Your task
Repeat the span of the entries below that starts at the line with "Organize your ingoing" and ends at the line with "Selling a collection", nothing more. Skip the pictures.

Available data

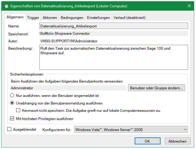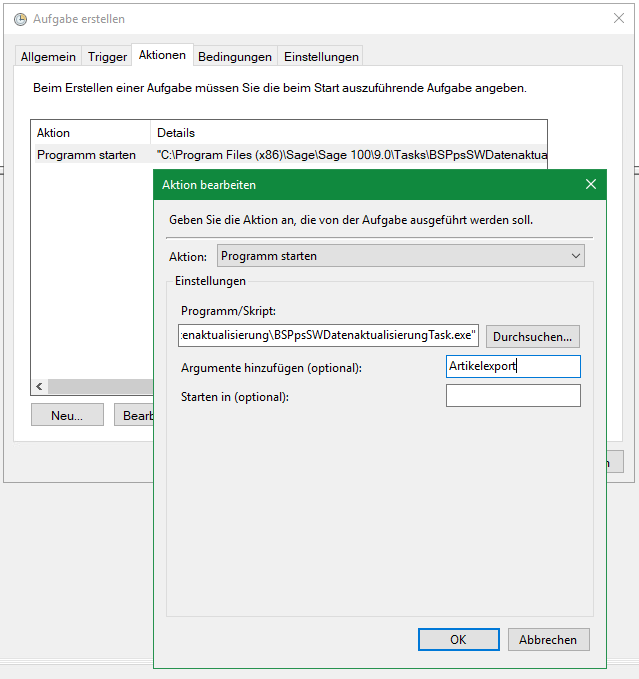 In Aktion überprüfst Du, ob die Aufgabe, auf folgendes Programm verweist C:\Program Files (x86)\Sage\Sage 100\9.0\Tasks\BSPpsSWDatenaktualisierung\BSPpsSWDatenaktualisierungTask.exe.
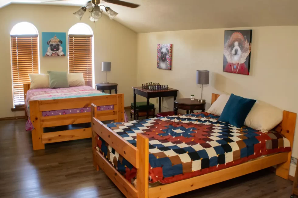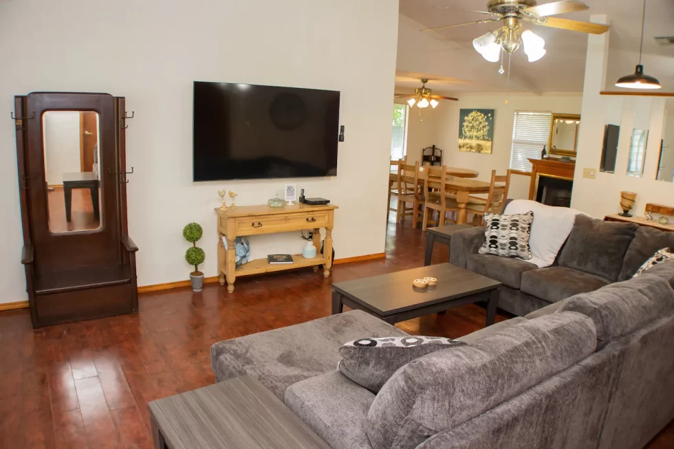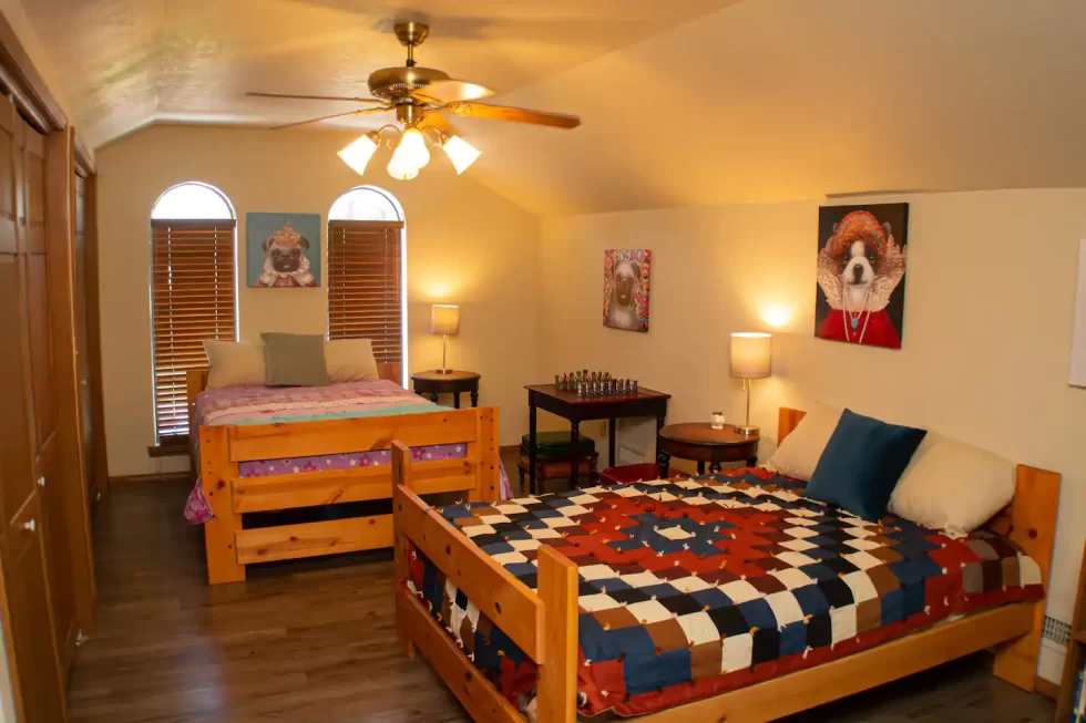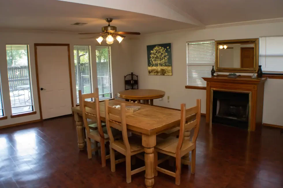 The perfect getaway for a family vacation and large enough for two families to vacation together. No cramped quarters in this spacious duplex. With plenty of games and entertainment on hand, this rental makes a great solution housing a diverse group. The full kitchens and outdoor grill allow you the freedom to plan chill evenings with family eating your favorite comfort foods. Or you can hit up one of the local eateries from this central downtown location.
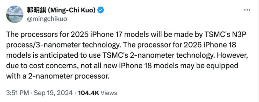 苹果自去年的a17 pro芯片开始,就率先使用了3nm工艺。今年的a18和a18 pro则更进一步,分别采用的是台积电n3e和n3p工艺。据天风国际分析师郭明錤的推文透露,苹果2025年iphone 17的处理器a19 pro芯片,将继续采用台积电的n3p工艺/3纳米技术制造。2026年iphone 18型号的处理器预计将使用台积电的2纳米技术。然而,出于成本方面的考虑,并非所有新款iphone 18都将配备2纳米处理器。
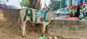 It was also learnt that a cow painted in green-white-green one side and on the head with APC inscription at the other side has been slaughtered for barbecue as the men in charge were spotted chopping the meat into pieces.
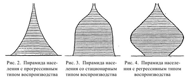 1) Тип воспроизводства населения который характеризуется высокой рождаемостью и смертностью. Возрастная пирамида такого населения имеет широкое основание которое образует высокая доля детей в населении и шпилеобразный верх, т.е. малая доля доживающих до пожилого возраста. Боковая сторона такой пирамиды имеет вид вогнутой параболы.
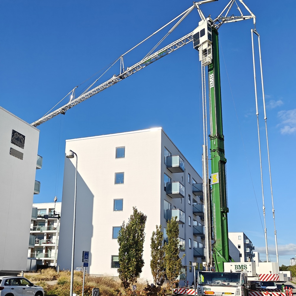 BMS balance beams can lift up to 12,000 kg under overhangs and reach 6 meters into buildings. For this task, a 2,500 kg balance beam with a 3 m reach was used, showing how our equipment can be adapted to even the most confined conditions.
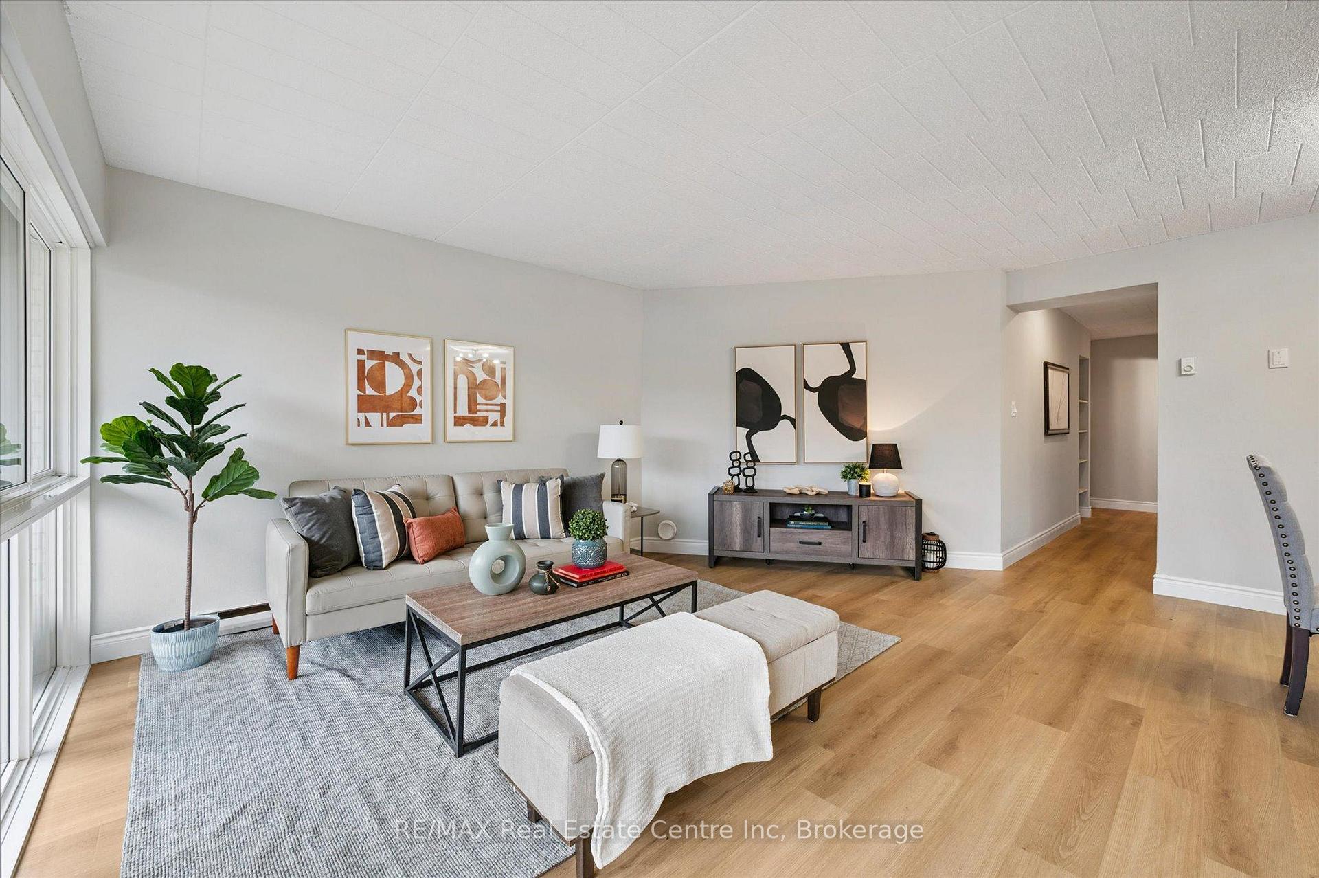 Welcome to 102-105 Conroy Crescent, a bright, NEWLY RENOVATED, 2-bedroom condo backing onto peaceful green space and scenic trails that lead to the river! With a completely refreshed interior and a location surrounded by everyday conveniences, this home offers unbeatable value for first-time buyers, investors and downsizers alike. Step inside and you'll immediately notice the brand-new flooring and the tastefully renovated kitchen, featuring crisp white shaker cabinetry, butcher-block countertops, subway tile backsplash, modern black hardware and a sleek black sink. The thoughtful addition of open shelving and in-suite laundry makes this kitchen as functional as it is stylish. The spacious living and dining area is flooded with natural light from a full wall of windows. Freshly updated with neutral wide-plank flooring, this open-concept space is perfect for both relaxing and entertaining. Sliding doors lead to your large private balcony overlooking greenery-an ideal spot for your morning coffee or unwinding at the end of the day. The generously sized primary bedroom offers plenty of room for a king-size bed, while the second bedroom is perfect for guests, a home office or a roommate. A modern 4-piece bathroom completes the unit with updated vanity, fixtures and finishes. This condo includes an oversized parking spot located right next to the back building entrance, plus a convenient storage locker. The unit is situated on the main floor in a building with no elevator, making grocery trips and daily access a breeze. Just steps away is a bus stop with a direct route to the University of Guelph. You're also minutes from Stone Road Mall, LCBO, Shoppers, restaurants, banks, Dovercliffe Park and quick access to the Hanlon Parkway-perfect for commuters. Freshly renovated, move-in ready and set in a peaceful yet central location-this is an opportunity you won't want to miss!
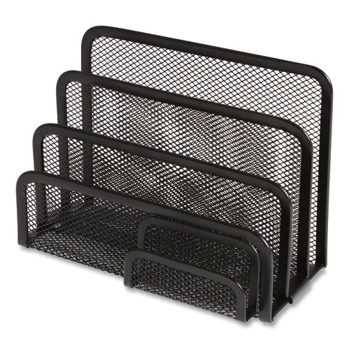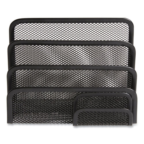 Organize your ingoing and outgoing mail while keeping your business cards within easy reach. Staggered dividers make it easy to keep track of which envelopes go where. Tightly woven metal-mesh body and a sleek, flat-square frame with rounded edges deliver reliable performance with a contemporary, professional flair. Front compartment stores up to 40 standard business cards.
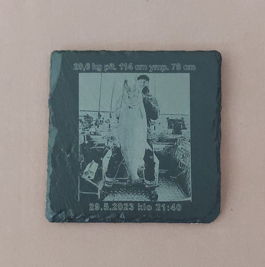 Lasinaluset laserkaiverrettuna laadukkalle liuskekivelle ja eri puumateriaalerille.
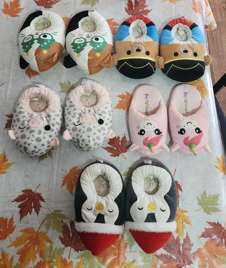 Selling a collection of Squishmallows slippers! They come in a variety of adorable characters: ๐ป- Cat with Christmas trees- size 2/3 ๐ป- bear nut cracker - 13/1 ๐ท -pig size 13/1 ๐ฆ Unicorn size 2/3 ๐ง santa hat penguin size 13/1 Super cute and comfy for lounging around the house asking 10$ each
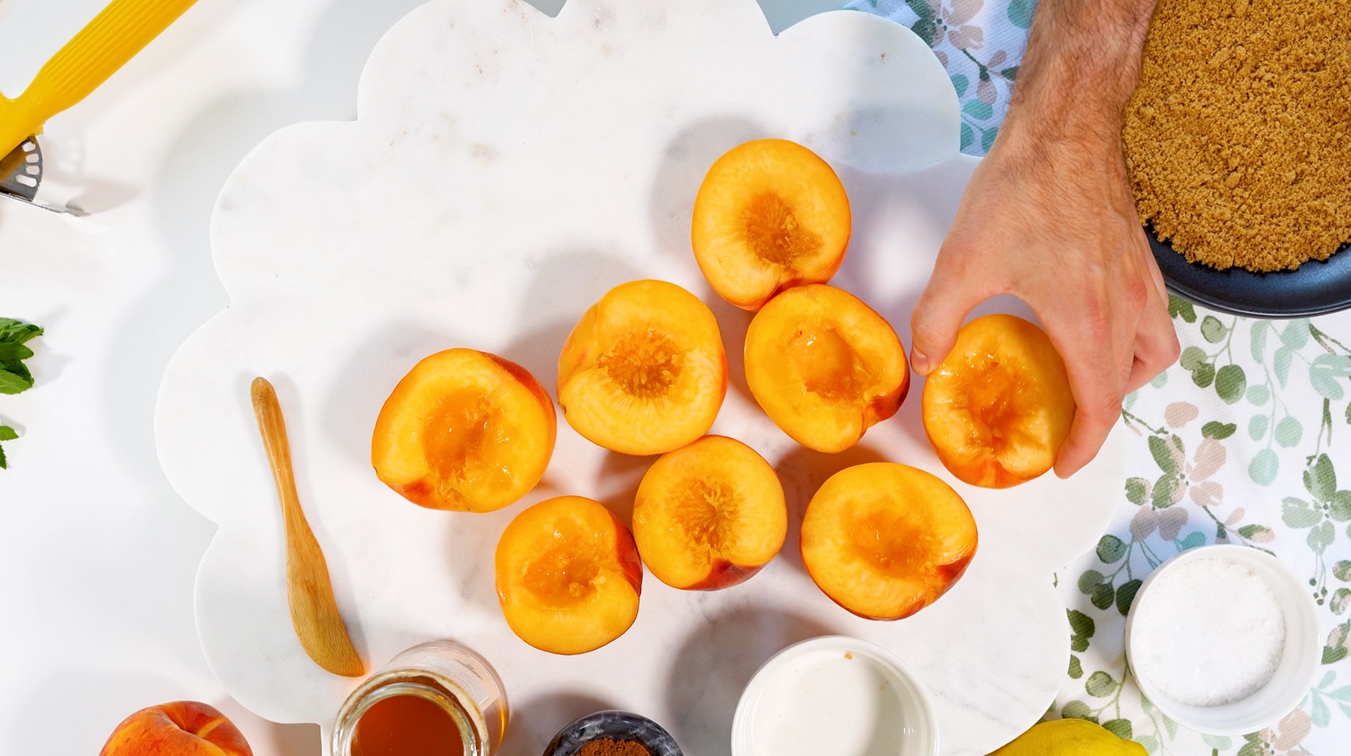 Split the peaches in half, and remove the pits. No need to peel the skins! They will soften up just fine when you cook the baked peaches in the oven.
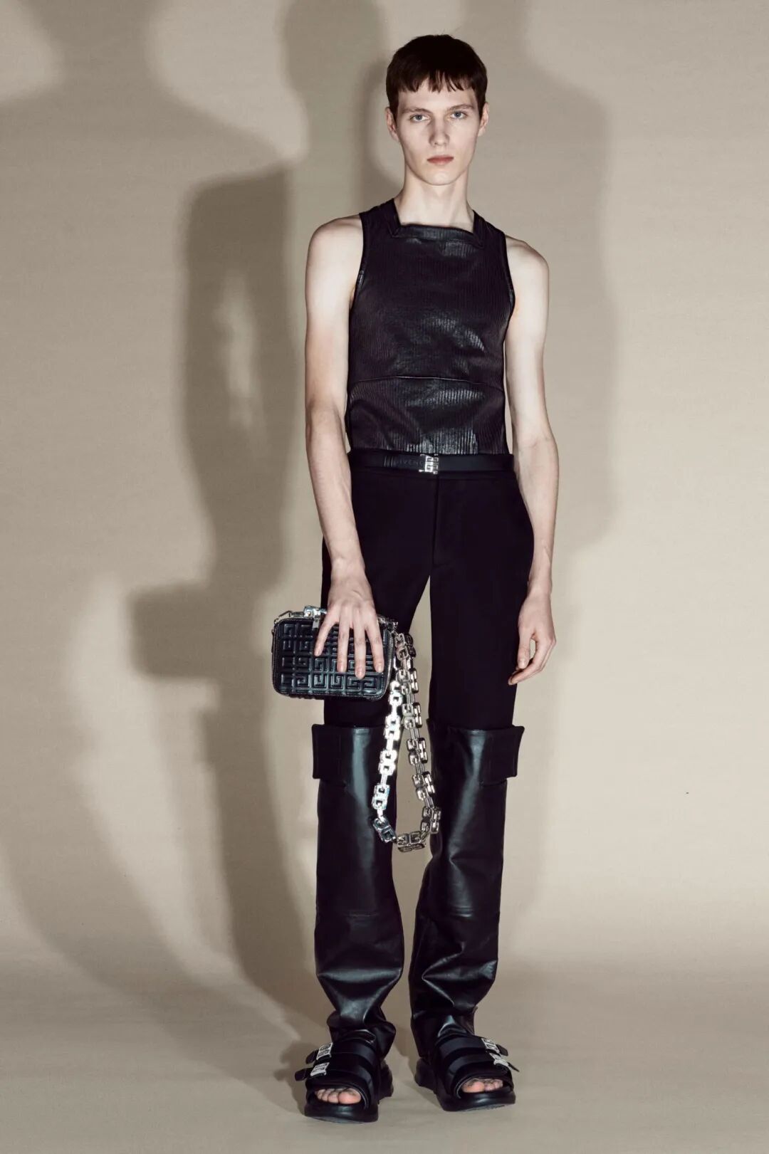 而问到Matthew M. WILLIAMS的创作灵感时,他直白坦言道自己在创作时,不太依靠视觉参考图像,因此也不会为每季系列制作情绪板。取而代之的是对材料的触摸和搜集灵感图像,更多的是凭直觉去创作。要知道情绪板对于设计师而言,在设计过程中有助于寻求设计的方向和打磨过程。Matthew这种“不那么严谨”的创作方式,源自于他非圣马丁出身,而是DONDA School毕业的背景。以多年在潮流圈的经验,将自己锻炼成摄影、音乐、时装设计、造型、平面艺术的全才,加上尚年轻的年纪与Z世代消费群体的联系,让他有着凭直觉去打造爆款的本能。有意思的还有这一季的铆钉拖鞋和人字拖。如今很难打动年轻人花大价钱去买一双已经缺乏时尚感的人字拖了,GIVENCHY另类趣味的人字拖半靴和装饰满铆钉的“刺猬”拖鞋,或许能够讨好Z世代的欢心。

Completed exercise
 Organize your ingoing and outgoing mail while keeping your business cards within easy reach. Staggered dividers make it easy to keep track of which envelopes go where. Tightly woven metal-mesh body and a sleek, flat-square frame with rounded edges deliver reliable performance with a contemporary, professional flair. Front compartment stores up to 40 standard business cards.
 Lasinaluset laserkaiverrettuna laadukkalle liuskekivelle ja eri puumateriaalerille.
 Selling a collection of Squishmallows slippers! They come in a variety of adorable characters: ๐ป- Cat with Christmas trees- size 2/3 ๐ป- bear nut cracker - 13/1 ๐ท -pig size 13/1 ๐ฆ Unicorn size 2/3 ๐ง santa hat penguin size 13/1 Super cute and comfy for lounging around the house asking 10$ each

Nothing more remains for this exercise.